Всюду сыро, влага проступает из-под круглых островков травы и камыша. Где нет скал, там торфяные болота, всюду режут и сушат торф; люди научились обращать себе на пользу все, кроме гранита. Безрогие коровы бродят по мокрым низинам, на жесткой траве пасется приземистый буланый черногривый конь — хвост и ноздри у него тоже черные. А людей не видно — странный край: можно сказать, зеленая пустыня. Но вот поезд въезжает в широкую долину. Вон то озеро, широкое и тихое озеро, на котором, почти не шевелясь, плывут бревна, — это река Гломма.
А поезд несет нас дальше, вдоль Гломмы, мимо пастбищ и людей, мимо островерхих церквушек, мимо зеленых гор и низин, мимо красных домиков — и вот, наконец, вдалеке среди горных хребтов блеснул серебром Осло-фьорд.
Норвегия
Осло
В нынешней Европе дела обстоят так, что путешественнику, прежде чем ехать в какую-нибудь страну, не мешает осведомиться, не происходит ли там гражданская война, государственный переворот или какой-нибудь конгресс. Когда мы приехали в Стокгольм, там как раз грянул международный конгресс Армии спасения. По улицам косяками носились довольно полные, но здоровые с виду мужчины и старые девы в соломенных шляпках, высматривая, кого бы спасти. Мы ретировались в Норвегию; но едва мы добрались до Осло, как там разразилось воскресенье, а сверх того еще всемирный конгресс учителей воскресных школ. Вы и понятия не имеете, сколько их на белом свете!
Все Осло было заполнено благостной суетой и щебетом; каждую минуту кто-нибудь улыбался мне и с христианским смирением осведомлялся по-английски, не иду ли я на богослужение. На Карл Иоганс Гате веял дух не Ибсена и не Бьёрнсона, а англо-саксонской церковной конгрегации. Я даже опасался, что хмурый Ибсен на пьедестале у театра поднимет голову и начнет проповедовать действенную любовь к ближнему или что-нибудь в этом роде. Но Ибсен не поднял головы, и вообще вид у него был сердитый. Бьёрнсон, кажется, легче сносил все происходящее. В Осло я попытался найти ответ на вопрос: как получилось, что такой малочисленный и, насколько я мог судить, бедный народ, как норвежцы, и такой небольшой и довольно заурядный город, как Осло, дали миру столь великую, замечательную литературу. Тогда, в тех обстоятельствах я не нашел ответа и сейчас удивляюсь этому даже больше, чем раньше.

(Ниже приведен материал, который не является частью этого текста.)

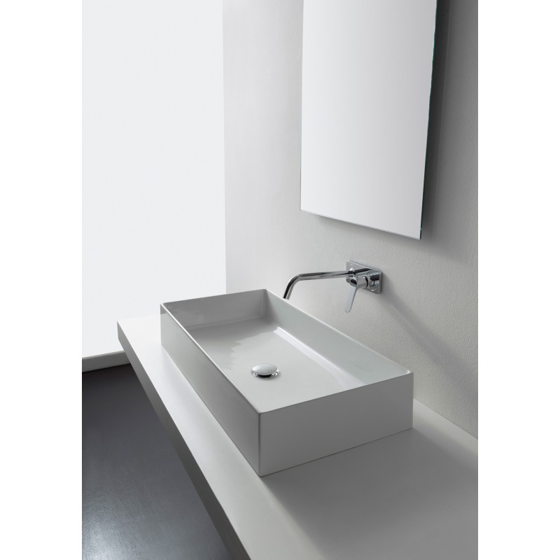 Lavoarul pe blat TEOREMA Square 2.0 de la Scarabeo este destinat băilor rezidențiale și hoteliere, oferind o soluție funcțională și bine structurată pentru zona de spălare. Forma dreptunghiulară cu muchii clar definite și dimensiunile 600x400x150 mm permit montajul pe mobilier sau blat, asigurând o integrare coerentă în amenajări contemporane. Ceramica sanitară cu suprafață lucioasă facilitează menținerea igienei și curățarea zilnică.
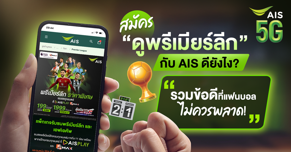 สมัครเลยดูพรีเมียร์ลีก 2025/26 กับ AIS PLAY และ MONOMAX ดูครบ 380 แมตช์ + เอฟเอคัพ คมชัดระดับ Full HD พร้อมสิทธิพิเศษมากมายทั้งลูกค้าเก่าและใหม่ เริ่มเพียง 199 บาท/เดือน
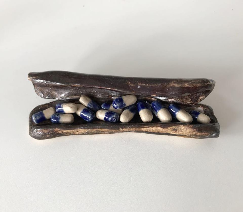 Images: Razor Clam With Painkillers, 2018, glazed stoneware, by Richard Porter.
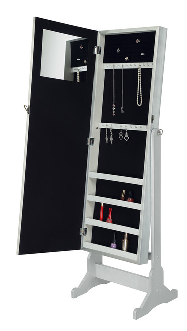 This cheval mirror brings traditional styling along with classic design elements. The full-length mirror has an ornate border, featuring crystal mosaic details. The adjustable swivel base allows you to position the mirror at your desired angle. Open the front of the mirror to reveal a large jewelry storage area. Complete with shelves and hooks, this armoire is perfect for hanging necklaces and bracelets. A bold black felt lines both sides of the jeweler armoire.
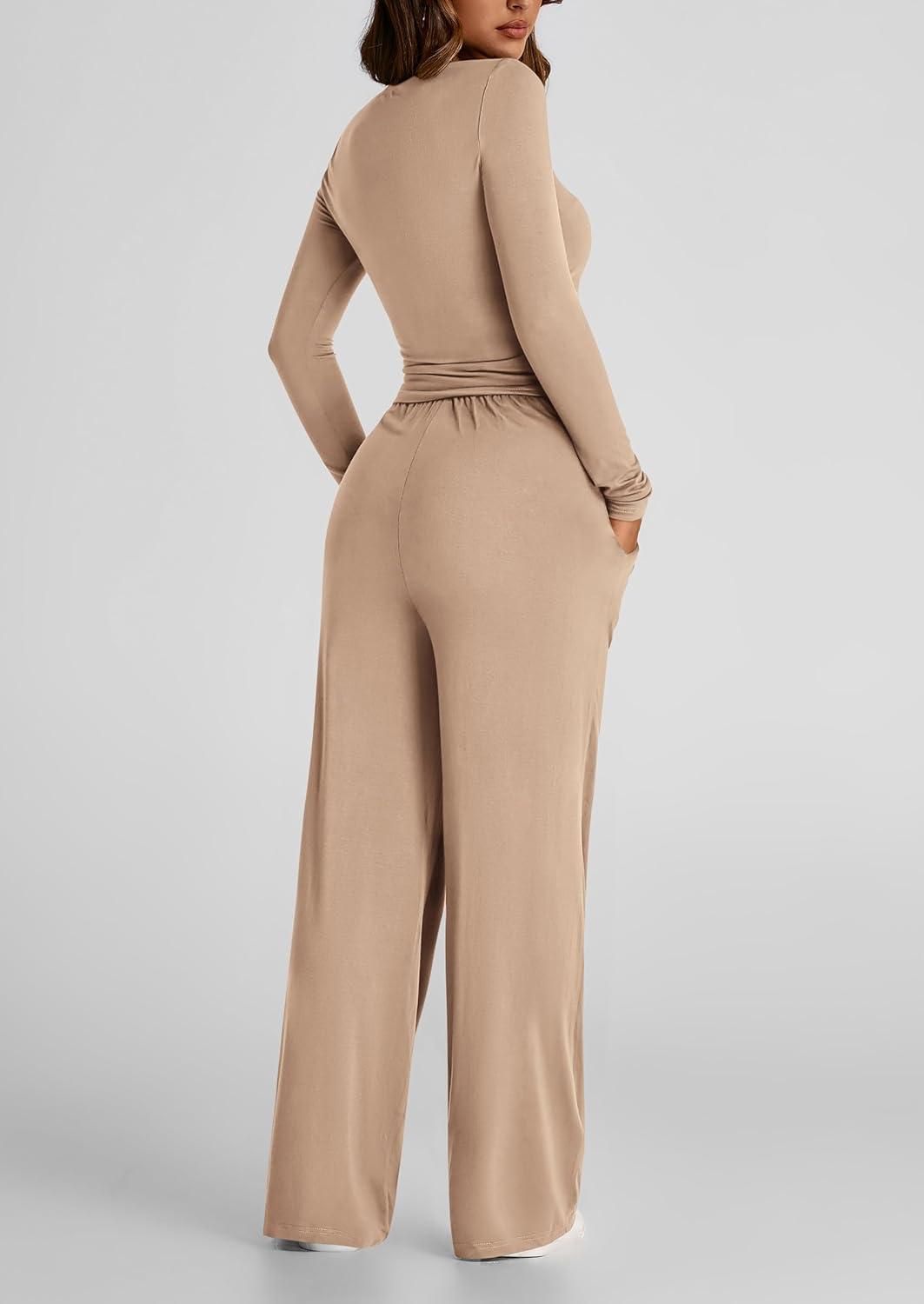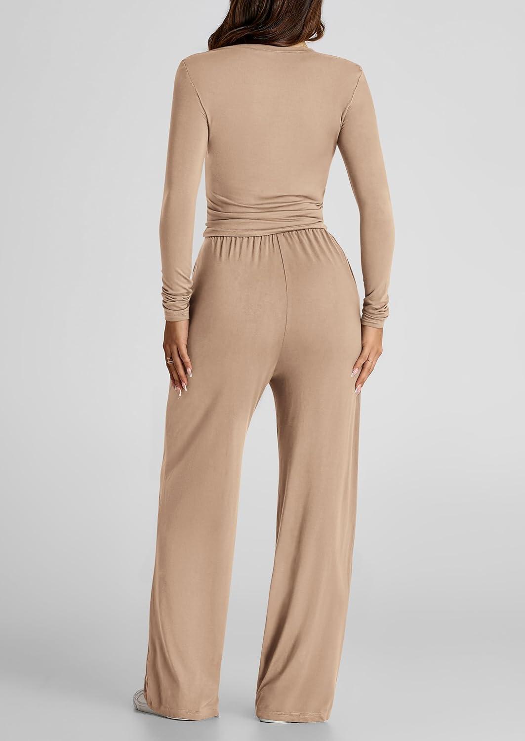 PRETTYGARDEN Women’s 2 Piece Outfits Fall Tracksuits Long Sleeve Crop Tops Wide Leg Pants Spring Matching Lounge Travel Sets(Camel)
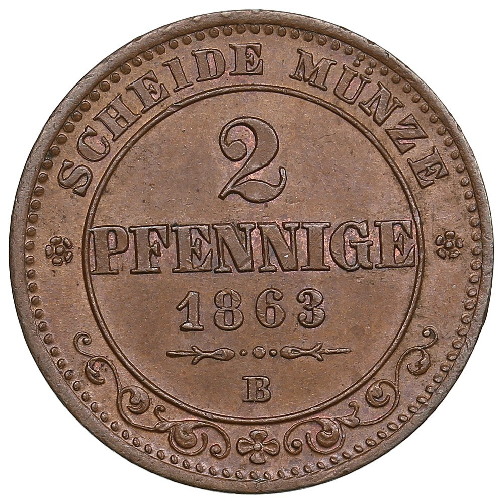 German States, Kingdom of Saxony, Albertinian Line (Dresden) 2 Pfennige 1863 - Johann I (1854-1873)
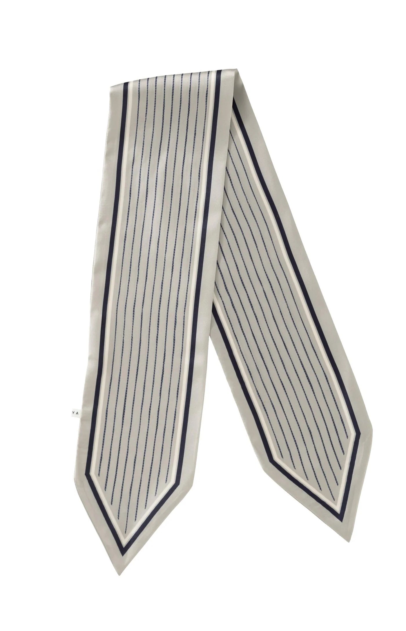 This elegant scarf is made from a fluid fabric with a subtle glossy finish. It features fine white stripes on a deep navy background, framed by a contrasting border. The narrow, elongated shape makes it easy to wear around the neck, in your hair, or tied to a bag. Lightweight and versatile.
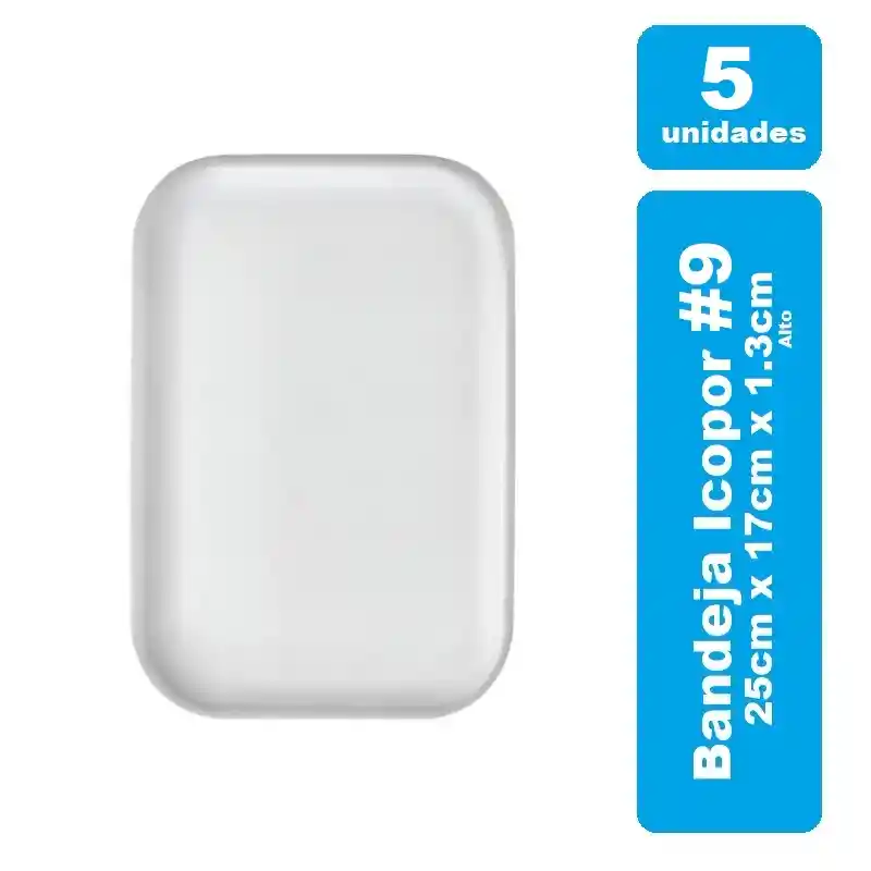 Bandeja Icopor # 9 color Blanco lo cual tiene une medida externa de 25cm x 17cm y una profundidad de 1.3cm
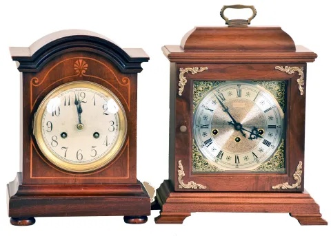Clocks- 2 (Two): (1) Hamilton Clock Co., 8 day, time and strike Westminster chime spring brass movement bracket clock, c1978 (2) Germany, Junghans, 8 day, time and strike spring brass movement mantel clock, c. 1915. (1) Mahogany case in original finish. Brass and silvered chapter ring in nice clean condition. Original hands. Hermle balance wheel brass movement. Ht 15.5" (2) Inlayed mahogany case in original finish. Original silvered dial has some tarnish and surface scratches at the winding arbors. Original hands. Movement is signed. Ht 13.25"
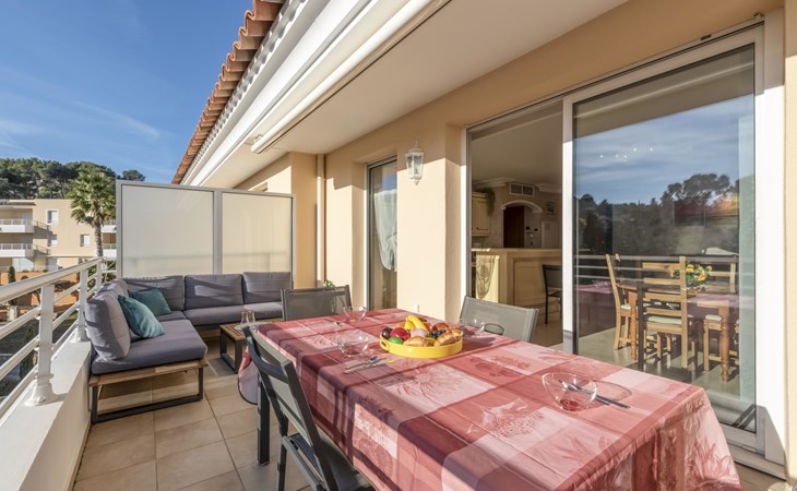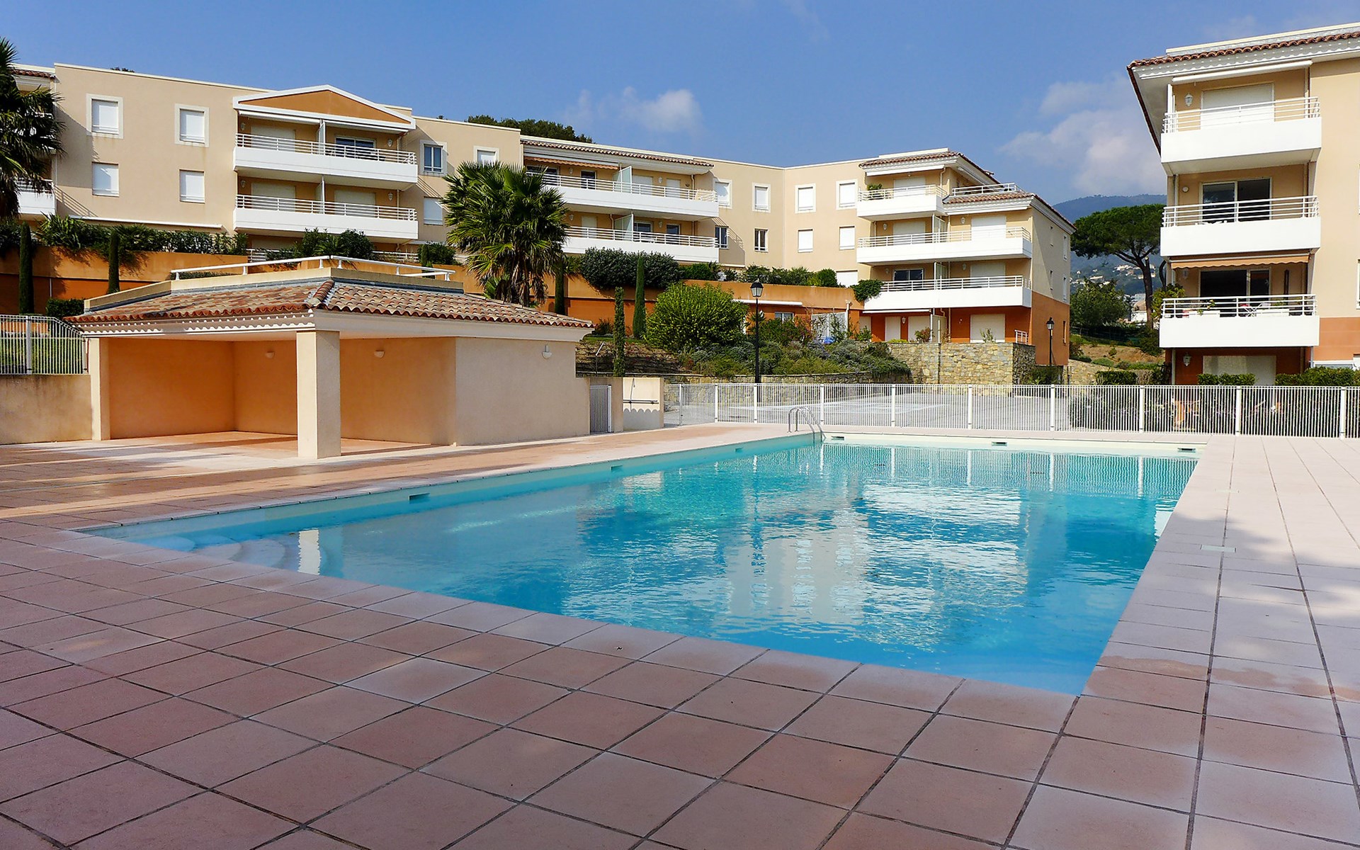Opening date of the swimming pool from May 15th to September 30th (subject to good weather conditions). Residence "Le Domaine de la Baie", 4 storeys. In the resort 50 m from the centre of Cavalaire sur Mer, in a sunny position, 300 m from the sea, 300 m from the beach. For shared use: swimming pool angular fenced (18 x 8 m, depth 120 - 210 cm, seasonal availability: 15.May. - 30.Sep.). Poolhouse with shower. In the complex: lift. Shop, grocery 100 m, supermarket 150 m, shopping centre 10 km, restaurant, bar, bakery, café 100 m, bus stop "Halte routière" 400 m, sandy beach "Taramis" 300 m, park "Aqualand" 24 km, diving center 300 m. Marina 200 m, minigolf 12 km. Nearby attractions: Azur Park, Paint-ball 13 km, Bowling à Port-Grimaud 13 km, St-Tropez 17 km, Ste-Maxime 24 km. Hiking paths: Sentier du Dattier 6.8 km, Sentier du littoral 9400 km, Toulon 60 km. Residence with electric gates.

И еще один вопрос сверлил мне голову, — тоже из области литературы, вернее, языка. Заметьте: всех норвежцев меньше трех миллионов. Пишут же они на двух или трех языках, причем ни один из них нельзя с полным правом назвать живым языком. В городах говорят на «riksmål», это стародатский язык, исторический, официальный и литературный. Язык крестьян — старонорвежский, «landsmål», но и на нем говорит только сельское население юго-запада страны, к тому же он еще искусственно обработан. Фактически же в деревнях говорят на полудюжине разных «лансмолей», в каждой долине есть свой. Кроме того, существует движение за «bymål», его приверженцы стремятся слить воедино оба эти языка; создан проект реформы правописания, по которому «ригсмол» писался бы «по-лансмольски». В школах учат на «лансмоле» или на «ригсмоле», в зависимости от решения общин. Писатели пишут на «ригсмоле», как Гамсун и Унсет, или на «лансмоле», как Олаф Дуун, а то и еще как-нибудь. Согласитесь, что для трехмиллионного народа все это довольно-таки сложно. У меня впечатление, что, несмотря на замечательную терпимость норвежцев в вопросах языка, этот отважный и сильный маленький народ чувствует себя тут как-то неуверенно. Правда, и в моей стране есть в какой-то мере сходные проблемы; только у нас различие языков и наречий любят обосновывать принципиально — национальными и политическими причинами.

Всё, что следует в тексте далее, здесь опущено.